Set in a Cherokee river town, the narrative follows Eve, whose inquisitiveness becomes entangled with a visiting Choctaw embassy and a French officer accompanying it. Their arrival, marked by a dubious account of a killed interpreter, sparks suspicion among Cherokee leaders as ambition, political scheming, and cultural rivalry surface. The plot examines how external diplomacy and internal rivalries unsettle communal life, tracing the cascading effects of deceit and desire for influence on relationships, leadership, and traditional customs through episodic chapters blending local color, ceremonial detail, and interpersonal conflict.

IX

PERHAPS no man ever lived a tragedy of thought and feeling, unrelated to the conditions and professions of his merely material life, more consciously than did Laroche. Flung back perforce on his military character, every pulse ached with the straining against those professional chains, the fragments of which, had they broken in the stress, he would with loyal perversity have hugged. Yet since they held fast, he pined for Jock Lesly, for the simple household, for the humble domestic habitudes and the hearthside atmosphere, for the chaste yet alluring presence of Lilias. Many a day after he had seen the trader’s cavalcade fare downward through the bosky ravine, becoming dim and diminishing as it went, flickering among the shadows seeming as immaterial as they, finally vanishing indistinguishably in their midst, he could behold it anew in freshest tints and near at hand whenever the wish—or alack, the unruly fancy—brought it to mind again. Long after the echoes had ceased to repeat the hearty halloo of farewell, the last of many regretful tokens of parting, he was wont to hear these voices in song or breezy talk or affectionate greeting as of yore.

Yet he had scant time for this as he rode back to Ioco Town, for it is needless to say the projected detour to Virginia was never really in contemplation. Moy Toy was obviously jealous of his self-absorption and silence, and had become captious under the enforced relinquishment of the trader’s party as his lawful prey. He was more impatient still of the necessary delays that must ensue before the Cherokees could be in case to strike a blow in revenge for all their disasters, plainly registered in the charred tenantless towns here and there on the face of the ravaged landscape. Laroche sought to divert his mind, to placate him anew, to excite his interest. In devising subjects of talk the Frenchman often attempted to sound the depths of the Cherokee character and definitely gauge the capacities of the tribe to receive and assimilate the values of civilization, that thereby he might deduce something of the force that their national traits would exert in the destinies of this great continent.
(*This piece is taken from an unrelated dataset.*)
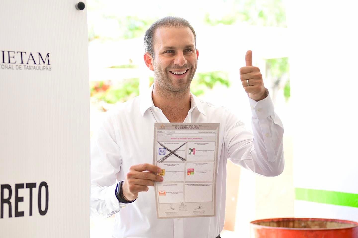 “Que para el final del día todos los que estamos en la lista nominal y tenemos este gran derecho para elegir, cumplamos con ese deber y que todos tengamos el dedo pintado”, expresó en su llamado a los y las tamaulipecas.

For instance, he would argue with Moy Toy upon the Indian aversion to the stability and permanence of architecture.

“The white man like the Indian can live but a day—why should his house outlast him?” the chief would protest stolidly.

“For those who come after,—since houses congregate into cities, and cities erect nations, and nations continue throughout ages, and ages are aggregations of strength. What is done in a day lasts but a day,” retorted the soldier.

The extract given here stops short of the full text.